Task directions
In the records below, find the line with "加强新媒体建设,拓展网络育人", then copy each line exactly until you have copied the line with "물론 릴로 커피 로스터스점보다". Leave any picture out.
Material for this exercise section start
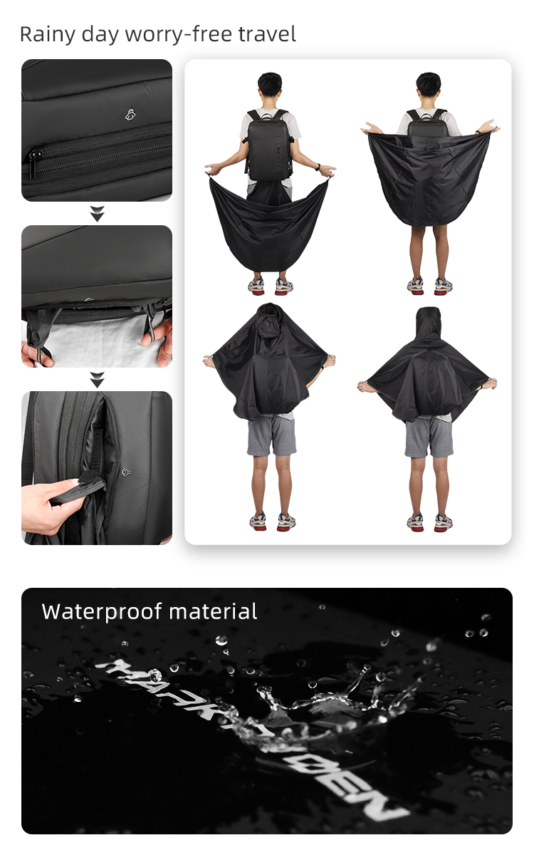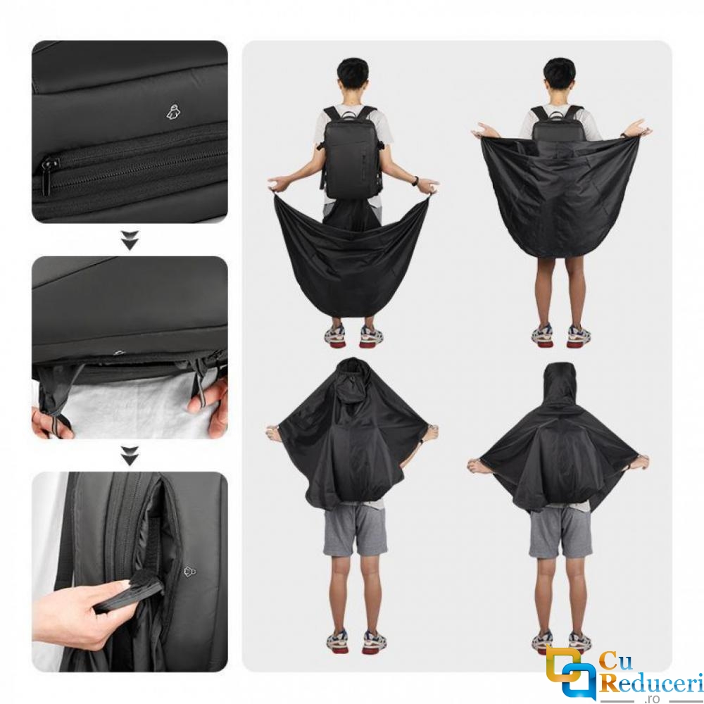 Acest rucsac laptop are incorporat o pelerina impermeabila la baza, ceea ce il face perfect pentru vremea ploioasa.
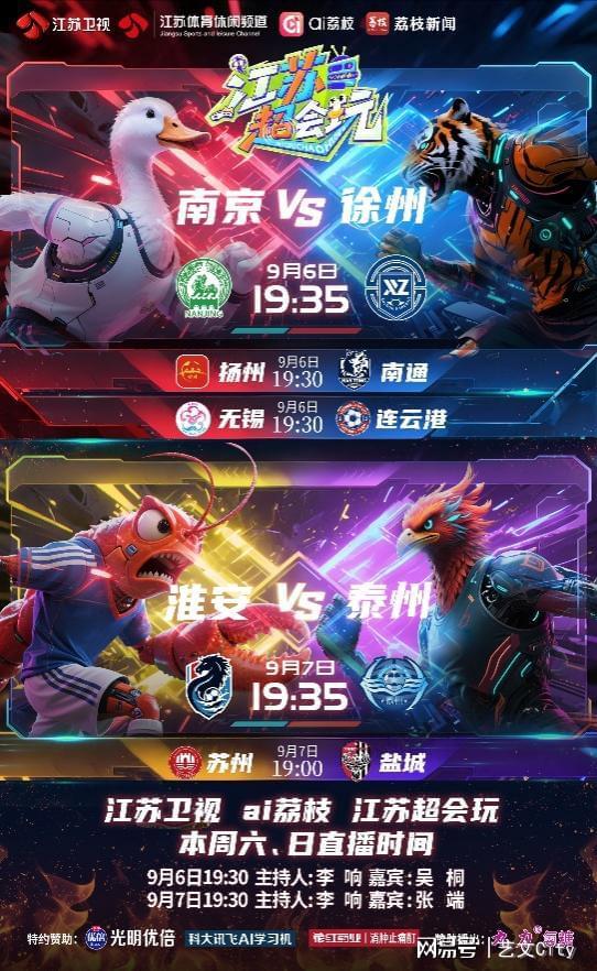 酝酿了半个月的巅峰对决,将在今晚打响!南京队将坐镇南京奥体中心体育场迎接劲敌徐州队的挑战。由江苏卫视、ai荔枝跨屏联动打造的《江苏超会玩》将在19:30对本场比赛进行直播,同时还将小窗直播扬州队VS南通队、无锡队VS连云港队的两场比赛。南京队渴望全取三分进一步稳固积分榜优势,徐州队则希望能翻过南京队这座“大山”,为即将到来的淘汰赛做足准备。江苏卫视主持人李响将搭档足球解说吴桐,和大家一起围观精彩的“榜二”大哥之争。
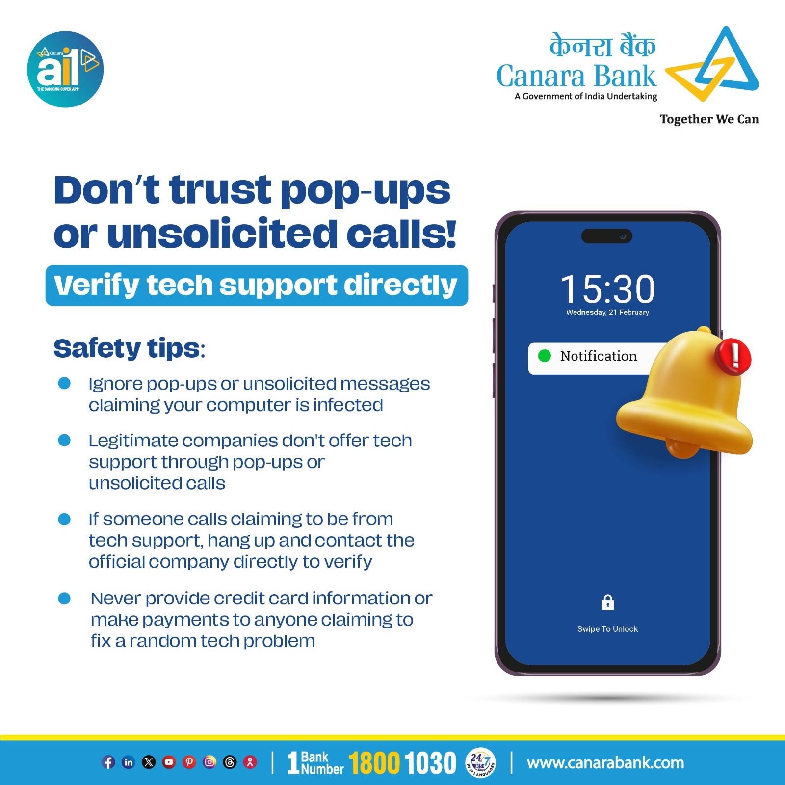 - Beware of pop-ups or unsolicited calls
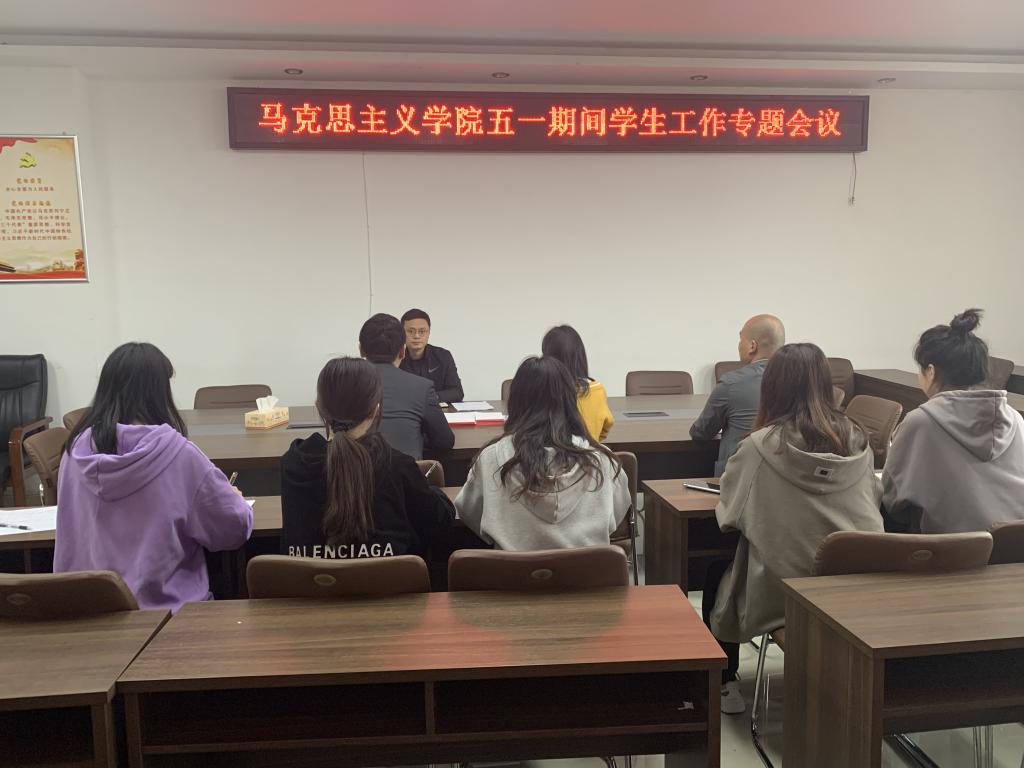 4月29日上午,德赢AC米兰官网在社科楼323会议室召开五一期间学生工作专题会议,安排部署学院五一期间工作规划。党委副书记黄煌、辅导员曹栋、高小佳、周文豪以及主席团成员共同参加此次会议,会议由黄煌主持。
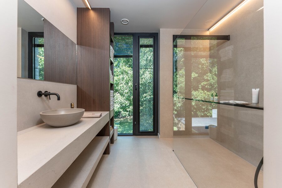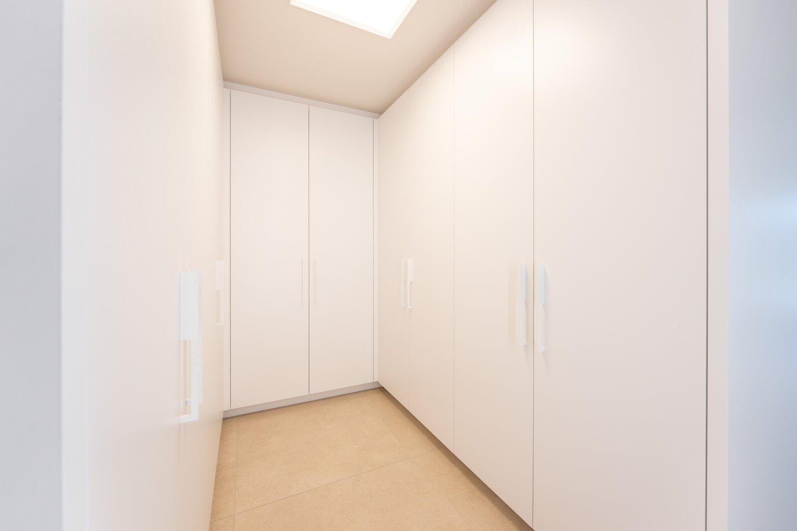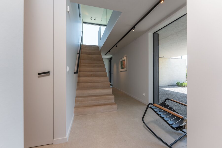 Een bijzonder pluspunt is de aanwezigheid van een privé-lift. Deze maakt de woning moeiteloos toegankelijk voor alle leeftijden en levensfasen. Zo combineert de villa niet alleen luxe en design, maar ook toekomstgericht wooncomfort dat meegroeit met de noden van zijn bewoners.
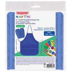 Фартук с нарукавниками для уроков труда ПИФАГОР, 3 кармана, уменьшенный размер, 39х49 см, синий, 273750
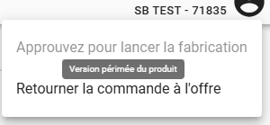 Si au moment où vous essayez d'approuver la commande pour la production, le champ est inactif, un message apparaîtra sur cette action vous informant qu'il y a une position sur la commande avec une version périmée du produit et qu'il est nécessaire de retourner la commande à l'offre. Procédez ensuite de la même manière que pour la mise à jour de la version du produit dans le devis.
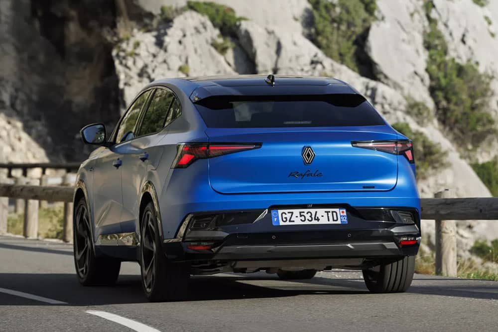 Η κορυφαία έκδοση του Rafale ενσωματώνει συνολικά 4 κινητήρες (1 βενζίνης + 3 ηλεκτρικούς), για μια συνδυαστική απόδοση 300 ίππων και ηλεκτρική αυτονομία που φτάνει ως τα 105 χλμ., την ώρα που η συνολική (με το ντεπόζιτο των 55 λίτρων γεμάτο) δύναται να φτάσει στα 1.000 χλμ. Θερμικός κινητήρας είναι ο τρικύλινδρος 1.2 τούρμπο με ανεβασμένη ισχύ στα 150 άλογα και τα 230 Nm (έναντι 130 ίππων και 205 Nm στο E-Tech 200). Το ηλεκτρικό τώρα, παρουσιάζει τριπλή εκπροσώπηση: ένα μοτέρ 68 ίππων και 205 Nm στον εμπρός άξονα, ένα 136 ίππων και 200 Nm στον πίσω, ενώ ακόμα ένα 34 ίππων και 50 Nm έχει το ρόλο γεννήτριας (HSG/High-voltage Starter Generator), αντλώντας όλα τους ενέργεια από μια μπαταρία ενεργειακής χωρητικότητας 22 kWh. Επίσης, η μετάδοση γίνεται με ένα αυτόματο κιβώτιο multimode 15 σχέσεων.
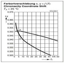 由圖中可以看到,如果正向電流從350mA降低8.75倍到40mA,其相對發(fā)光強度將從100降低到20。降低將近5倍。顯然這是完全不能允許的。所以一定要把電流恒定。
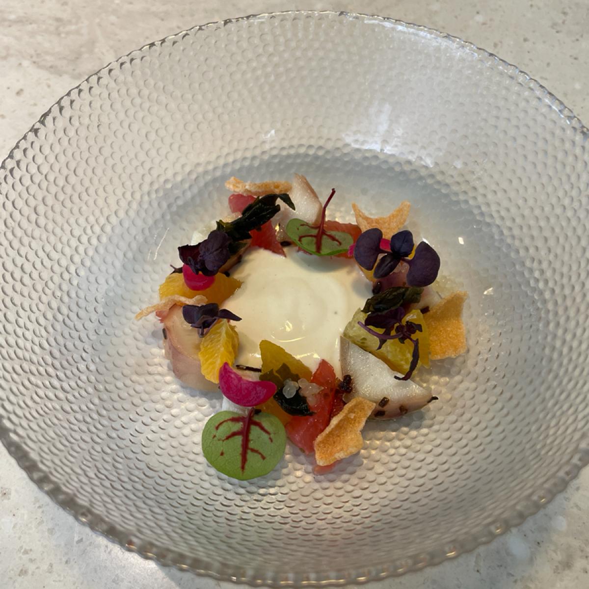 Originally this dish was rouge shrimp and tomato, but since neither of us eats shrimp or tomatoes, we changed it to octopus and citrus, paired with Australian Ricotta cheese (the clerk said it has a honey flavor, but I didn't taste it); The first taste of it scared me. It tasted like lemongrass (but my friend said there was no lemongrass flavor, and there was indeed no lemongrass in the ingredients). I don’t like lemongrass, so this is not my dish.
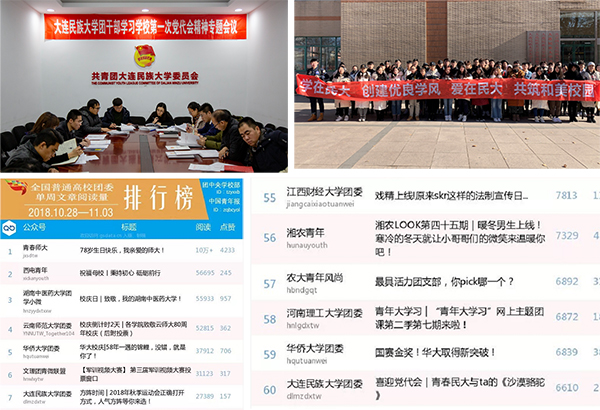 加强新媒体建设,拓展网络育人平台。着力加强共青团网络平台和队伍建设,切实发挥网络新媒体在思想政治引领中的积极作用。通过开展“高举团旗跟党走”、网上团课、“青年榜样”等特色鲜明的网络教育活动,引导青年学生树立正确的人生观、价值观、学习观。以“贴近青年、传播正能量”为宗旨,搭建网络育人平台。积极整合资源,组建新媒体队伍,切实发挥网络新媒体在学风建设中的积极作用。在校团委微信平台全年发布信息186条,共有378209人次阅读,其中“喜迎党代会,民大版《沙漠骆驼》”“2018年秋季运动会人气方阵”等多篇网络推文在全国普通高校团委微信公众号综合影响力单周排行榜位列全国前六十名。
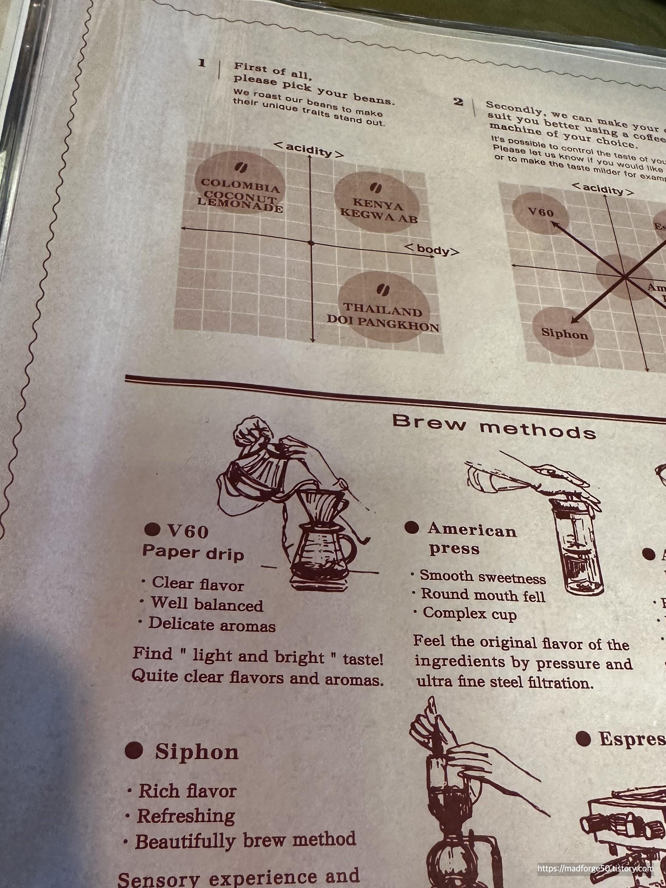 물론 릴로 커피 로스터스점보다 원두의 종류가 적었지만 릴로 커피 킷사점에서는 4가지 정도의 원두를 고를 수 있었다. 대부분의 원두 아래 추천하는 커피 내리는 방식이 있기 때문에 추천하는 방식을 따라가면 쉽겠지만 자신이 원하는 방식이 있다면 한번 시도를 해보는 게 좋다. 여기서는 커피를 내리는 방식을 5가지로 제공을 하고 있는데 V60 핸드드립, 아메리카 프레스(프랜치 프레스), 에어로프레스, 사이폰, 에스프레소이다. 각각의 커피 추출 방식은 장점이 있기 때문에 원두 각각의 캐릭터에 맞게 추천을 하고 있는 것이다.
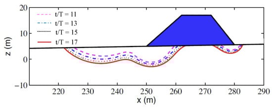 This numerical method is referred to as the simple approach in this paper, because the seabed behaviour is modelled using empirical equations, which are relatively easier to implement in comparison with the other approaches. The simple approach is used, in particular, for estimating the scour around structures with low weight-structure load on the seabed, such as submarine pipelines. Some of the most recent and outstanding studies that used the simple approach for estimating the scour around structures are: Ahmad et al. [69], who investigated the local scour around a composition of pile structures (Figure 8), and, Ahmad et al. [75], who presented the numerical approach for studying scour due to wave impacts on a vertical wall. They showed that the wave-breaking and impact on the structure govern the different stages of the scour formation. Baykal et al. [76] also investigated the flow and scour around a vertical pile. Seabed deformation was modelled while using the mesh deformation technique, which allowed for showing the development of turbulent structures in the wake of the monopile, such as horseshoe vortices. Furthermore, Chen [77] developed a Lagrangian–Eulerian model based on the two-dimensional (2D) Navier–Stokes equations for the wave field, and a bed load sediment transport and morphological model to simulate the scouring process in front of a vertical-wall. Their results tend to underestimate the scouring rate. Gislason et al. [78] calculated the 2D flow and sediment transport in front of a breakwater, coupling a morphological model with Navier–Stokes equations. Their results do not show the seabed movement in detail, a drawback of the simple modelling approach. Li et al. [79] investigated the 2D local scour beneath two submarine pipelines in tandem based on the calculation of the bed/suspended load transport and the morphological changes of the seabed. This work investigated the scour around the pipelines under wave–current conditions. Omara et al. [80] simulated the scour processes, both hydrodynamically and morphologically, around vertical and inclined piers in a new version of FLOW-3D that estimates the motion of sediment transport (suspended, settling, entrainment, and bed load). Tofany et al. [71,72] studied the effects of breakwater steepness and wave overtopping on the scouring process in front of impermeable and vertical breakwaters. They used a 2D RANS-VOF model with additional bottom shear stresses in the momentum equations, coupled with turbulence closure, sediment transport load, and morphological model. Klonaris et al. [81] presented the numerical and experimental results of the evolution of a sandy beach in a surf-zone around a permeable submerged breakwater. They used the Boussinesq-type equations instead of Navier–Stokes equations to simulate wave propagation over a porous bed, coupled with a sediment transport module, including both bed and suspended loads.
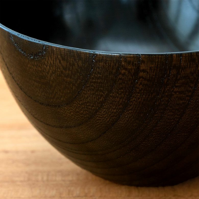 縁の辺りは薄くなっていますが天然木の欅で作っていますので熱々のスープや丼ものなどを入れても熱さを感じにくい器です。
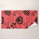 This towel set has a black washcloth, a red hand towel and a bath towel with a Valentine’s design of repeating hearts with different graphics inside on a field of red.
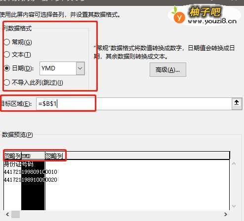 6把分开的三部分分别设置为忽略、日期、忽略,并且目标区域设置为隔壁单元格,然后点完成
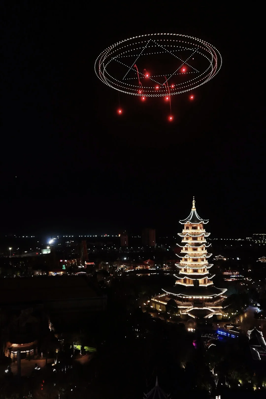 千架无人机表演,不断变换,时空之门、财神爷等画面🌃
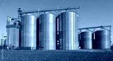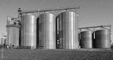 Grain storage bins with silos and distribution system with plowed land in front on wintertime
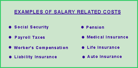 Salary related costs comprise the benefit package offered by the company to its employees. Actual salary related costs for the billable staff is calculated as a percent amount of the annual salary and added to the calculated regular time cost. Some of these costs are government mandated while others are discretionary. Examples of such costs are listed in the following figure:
Material for this exercise section end
Answer box
 加强新媒体建设,拓展网络育人平台。着力加强共青团网络平台和队伍建设,切实发挥网络新媒体在思想政治引领中的积极作用。通过开展“高举团旗跟党走”、网上团课、“青年榜样”等特色鲜明的网络教育活动,引导青年学生树立正确的人生观、价值观、学习观。以“贴近青年、传播正能量”为宗旨,搭建网络育人平台。积极整合资源,组建新媒体队伍,切实发挥网络新媒体在学风建设中的积极作用。在校团委微信平台全年发布信息186条,共有378209人次阅读,其中“喜迎党代会,民大版《沙漠骆驼》”“2018年秋季运动会人气方阵”等多篇网络推文在全国普通高校团委微信公众号综合影响力单周排行榜位列全国前六十名。
 물론 릴로 커피 로스터스점보다 원두의 종류가 적었지만 릴로 커피 킷사점에서는 4가지 정도의 원두를 고를 수 있었다. 대부분의 원두 아래 추천하는 커피 내리는 방식이 있기 때문에 추천하는 방식을 따라가면 쉽겠지만 자신이 원하는 방식이 있다면 한번 시도를 해보는 게 좋다. 여기서는 커피를 내리는 방식을 5가지로 제공을 하고 있는데 V60 핸드드립, 아메리카 프레스(프랜치 프레스), 에어로프레스, 사이폰, 에스프레소이다. 각각의 커피 추출 방식은 장점이 있기 때문에 원두 각각의 캐릭터에 맞게 추천을 하고 있는 것이다.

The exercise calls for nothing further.